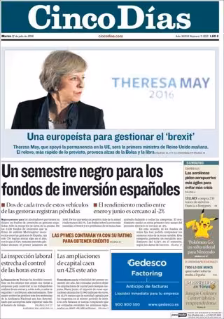 CINCO DÍAS: "Una europeísta para gestionar el Brexit"; "Un semestre negro para los fondos de inversión españoles"; "La inspección laboral estrecha el control de las horas extras"; "Las ampliaciones de capital caen un 42% este año"; "Las aerolíneas piden aeropuertos más ágiles para evitar más crisis".
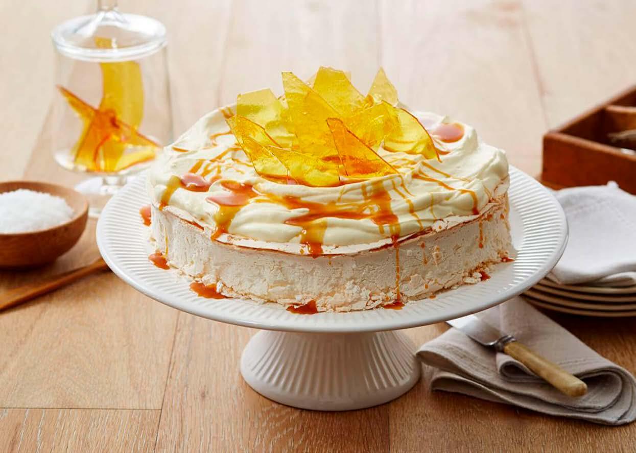 3. Then turn the heat up to medium and cook without stirring for 8-10 minutes, occasionally brushing down the sides of the pan with a damp pastry brush, until a golden caramel forms. Summer Berr y Pavlova Smashed Tropical Pavlova Salted Caramel Pavlova.
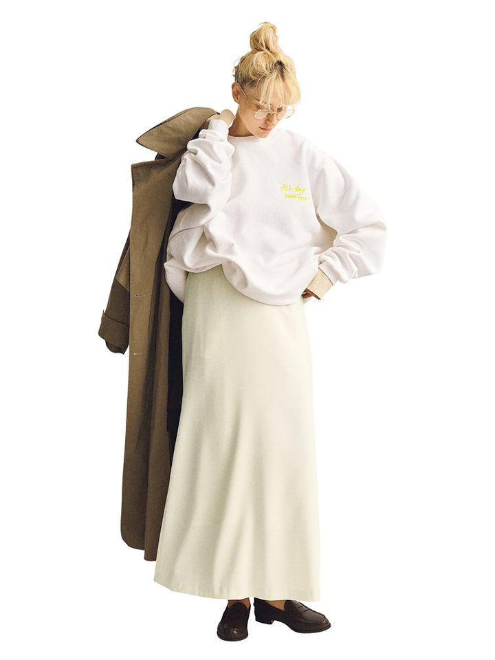【POINT】まっ白のスウェットに、黄みがかったオフ白のスカートで、白の中でもトーンに違いをつけるのがコツ。インナーにはベージュを仕込み、トレンチで輪郭を整えれば、気張らず、そのうえ膨張見えも防ぐ。
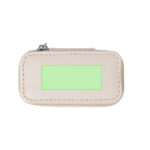 Boîte à bijoux en éco-cuir. Design de couleur naturelle avec fermeture à glissière et deux compartiments à l’intérieur. Un compartiment en forme de petite boîte et un compartiment avec des coussinets pour attacher les bagues et les boucles d’oreilles, doublé de tissu doux. Présenté dans un sac en papier individuel.
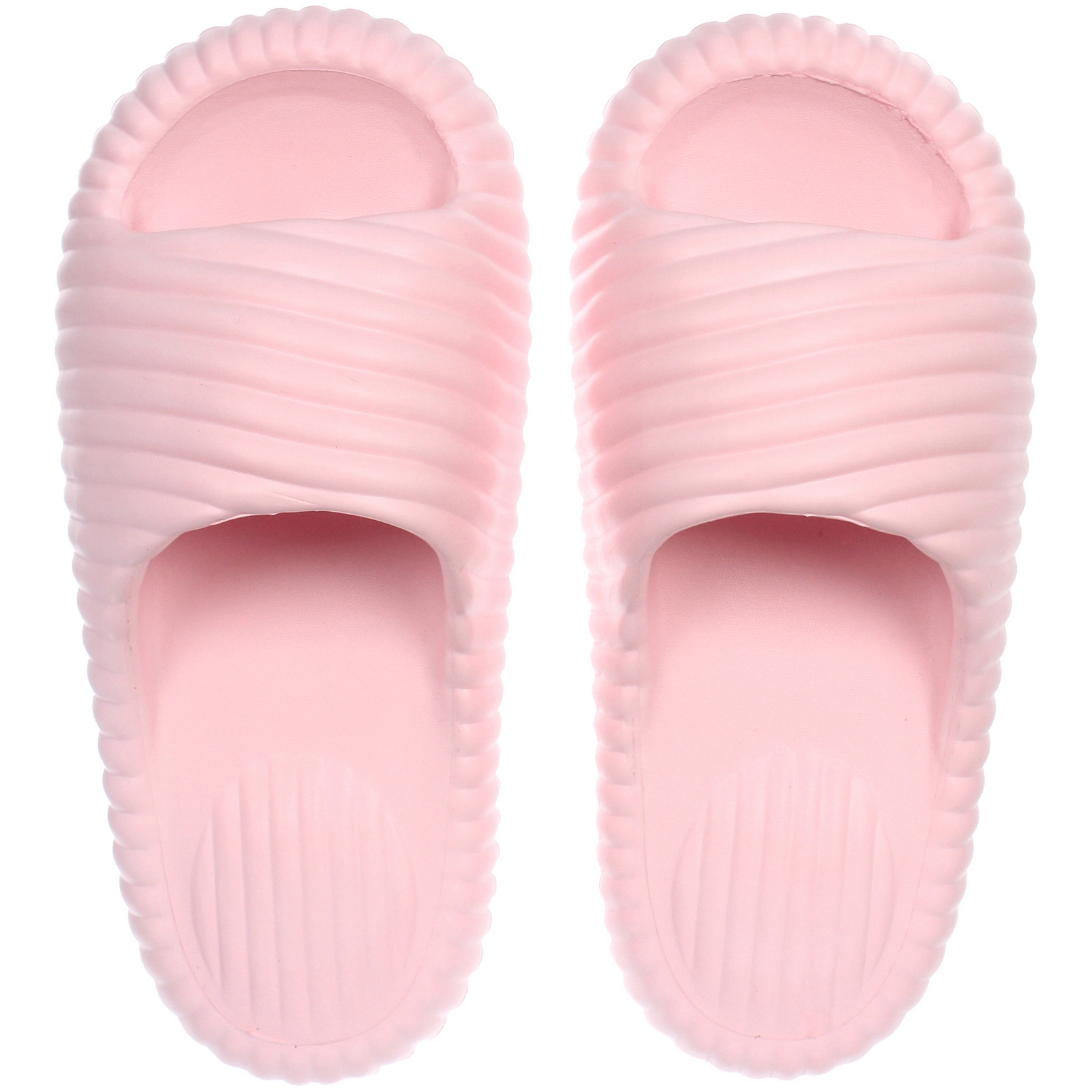 Шлепанцы представлены в нежном светло-розовом цвете, который создаёт ощущение чистоты и свежести. Минималистичный дизайн без лишних деталей делает их универсальным аксессуаром, который легко сочетается с домашней или пляжной одеждой.

▬▬▬▬▬▬▬▬▬▬

EXERCISE REQUIREMENTS.
Your answer must be every record above, word for word, with no pictures.

TASK RESPONSE.
 CINCO DÍAS: "Una europeísta para gestionar el Brexit"; "Un semestre negro para los fondos de inversión españoles"; "La inspección laboral estrecha el control de las horas extras"; "Las ampliaciones de capital caen un 42% este año"; "Las aerolíneas piden aeropuertos más ágiles para evitar más crisis".
 3. Then turn the heat up to medium and cook without stirring for 8-10 minutes, occasionally brushing down the sides of the pan with a damp pastry brush, until a golden caramel forms. Summer Berr y Pavlova Smashed Tropical Pavlova Salted Caramel Pavlova.
【POINT】まっ白のスウェットに、黄みがかったオフ白のスカートで、白の中でもトーンに違いをつけるのがコツ。インナーにはベージュを仕込み、トレンチで輪郭を整えれば、気張らず、そのうえ膨張見えも防ぐ。
 Boîte à bijoux en éco-cuir. Design de couleur naturelle avec fermeture à glissière et deux compartiments à l’intérieur. Un compartiment en forme de petite boîte et un compartiment avec des coussinets pour attacher les bagues et les boucles d’oreilles, doublé de tissu doux. Présenté dans un sac en papier individuel.
 Шлепанцы представлены в нежном светло-розовом цвете, который создаёт ощущение чистоты и свежести. Минималистичный дизайн без лишних деталей делает их универсальным аксессуаром, который легко сочетается с домашней или пляжной одеждой.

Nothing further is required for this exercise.